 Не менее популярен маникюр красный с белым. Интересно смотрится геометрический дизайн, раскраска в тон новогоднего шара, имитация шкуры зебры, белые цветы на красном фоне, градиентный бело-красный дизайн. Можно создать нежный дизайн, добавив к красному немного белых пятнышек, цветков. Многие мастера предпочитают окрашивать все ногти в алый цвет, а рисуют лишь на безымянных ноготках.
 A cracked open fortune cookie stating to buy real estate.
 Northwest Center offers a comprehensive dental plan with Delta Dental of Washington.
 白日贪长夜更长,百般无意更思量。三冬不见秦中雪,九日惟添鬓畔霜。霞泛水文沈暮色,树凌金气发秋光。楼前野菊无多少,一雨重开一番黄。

----

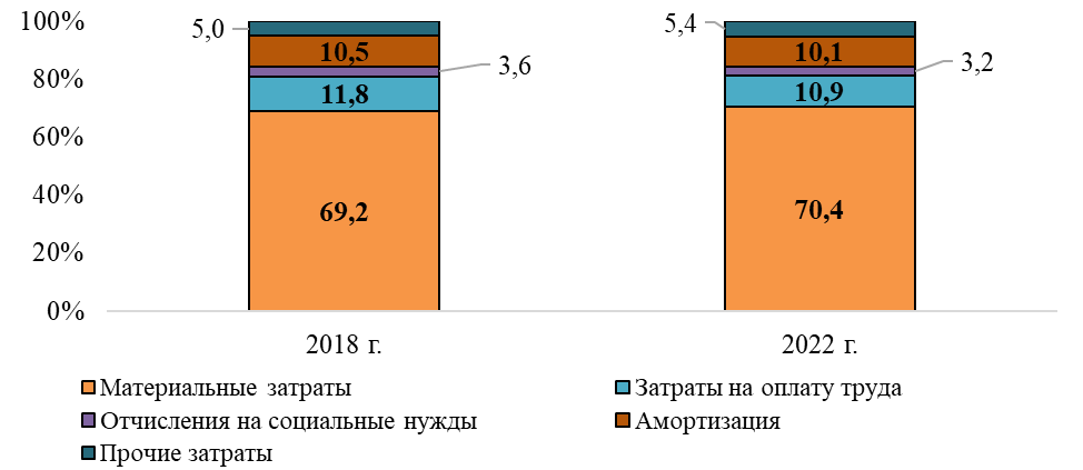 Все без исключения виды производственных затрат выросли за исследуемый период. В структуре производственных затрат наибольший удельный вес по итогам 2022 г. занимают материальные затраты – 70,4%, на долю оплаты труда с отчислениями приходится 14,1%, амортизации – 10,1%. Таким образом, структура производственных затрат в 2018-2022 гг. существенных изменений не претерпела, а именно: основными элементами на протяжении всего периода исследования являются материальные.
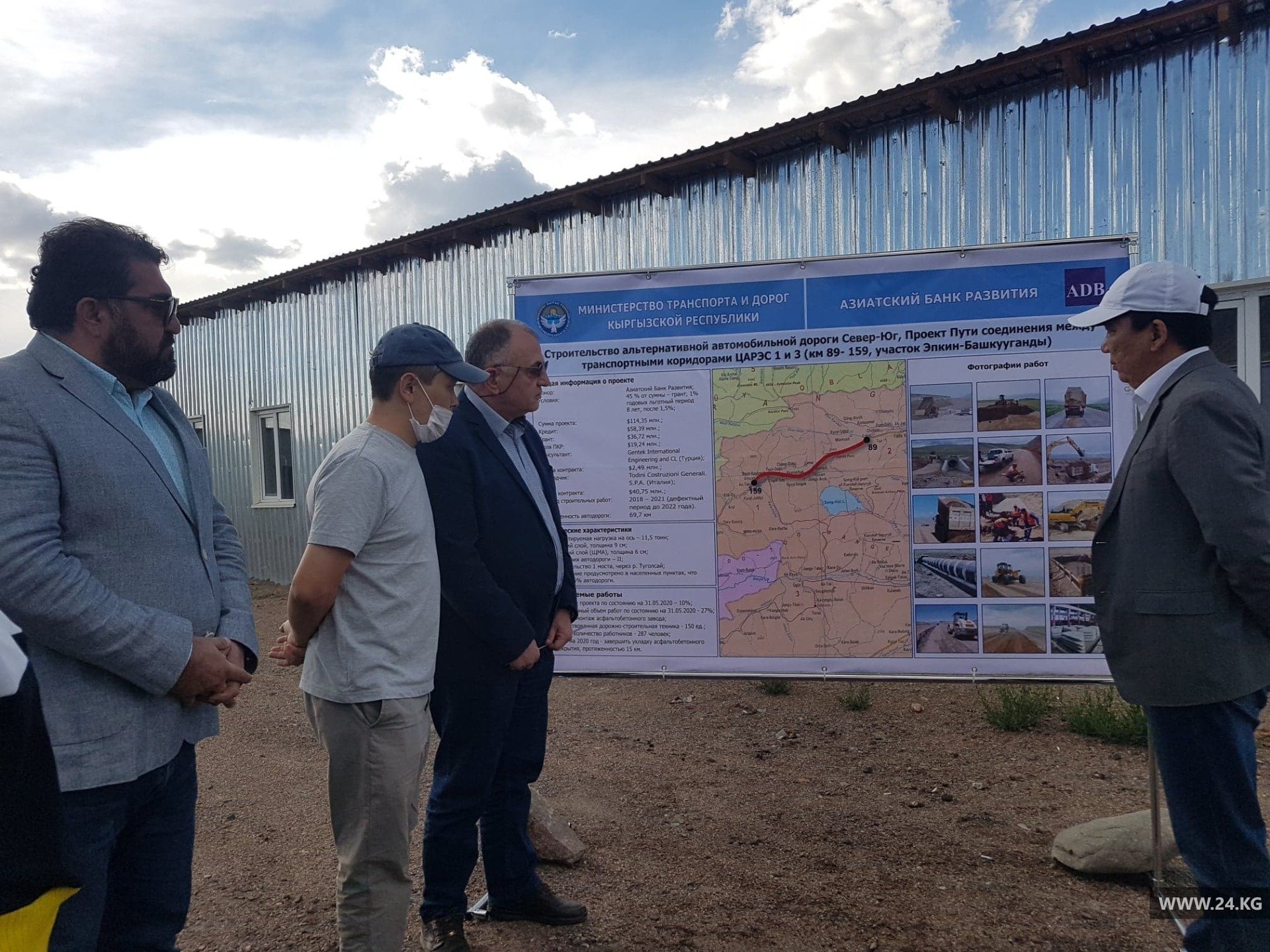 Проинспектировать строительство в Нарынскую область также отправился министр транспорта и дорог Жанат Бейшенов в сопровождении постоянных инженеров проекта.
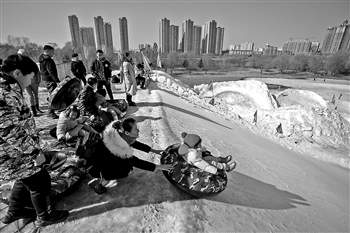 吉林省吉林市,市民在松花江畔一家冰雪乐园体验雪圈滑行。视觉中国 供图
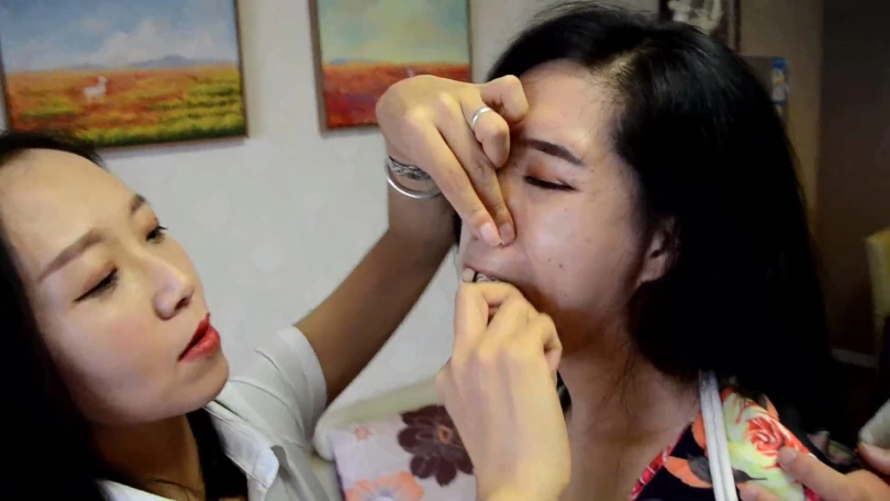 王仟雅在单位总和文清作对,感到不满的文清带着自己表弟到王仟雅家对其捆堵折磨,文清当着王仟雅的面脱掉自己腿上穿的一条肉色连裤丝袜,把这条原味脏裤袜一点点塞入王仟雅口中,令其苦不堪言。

----

**WHAT YOU ARE ASKED TO DO**
The line holding "Все без исключения" starts the copy and the line holding "王仟雅在单位总和文清作对,感" ends it. Repeat those two lines above and all between them exactly, leaving out pictures.

**YOUR SOLUTION**
 Все без исключения виды производственных затрат выросли за исследуемый период. В структуре производственных затрат наибольший удельный вес по итогам 2022 г. занимают материальные затраты – 70,4%, на долю оплаты труда с отчислениями приходится 14,1%, амортизации – 10,1%. Таким образом, структура производственных затрат в 2018-2022 гг. существенных изменений не претерпела, а именно: основными элементами на протяжении всего периода исследования являются материальные.
 Проинспектировать строительство в Нарынскую область также отправился министр транспорта и дорог Жанат Бейшенов в сопровождении постоянных инженеров проекта.
 吉林省吉林市,市民在松花江畔一家冰雪乐园体验雪圈滑行。视觉中国 供图
 王仟雅在单位总和文清作对,感到不满的文清带着自己表弟到王仟雅家对其捆堵折磨,文清当着王仟雅的面脱掉自己腿上穿的一条肉色连裤丝袜,把这条原味脏裤袜一点点塞入王仟雅口中,令其苦不堪言。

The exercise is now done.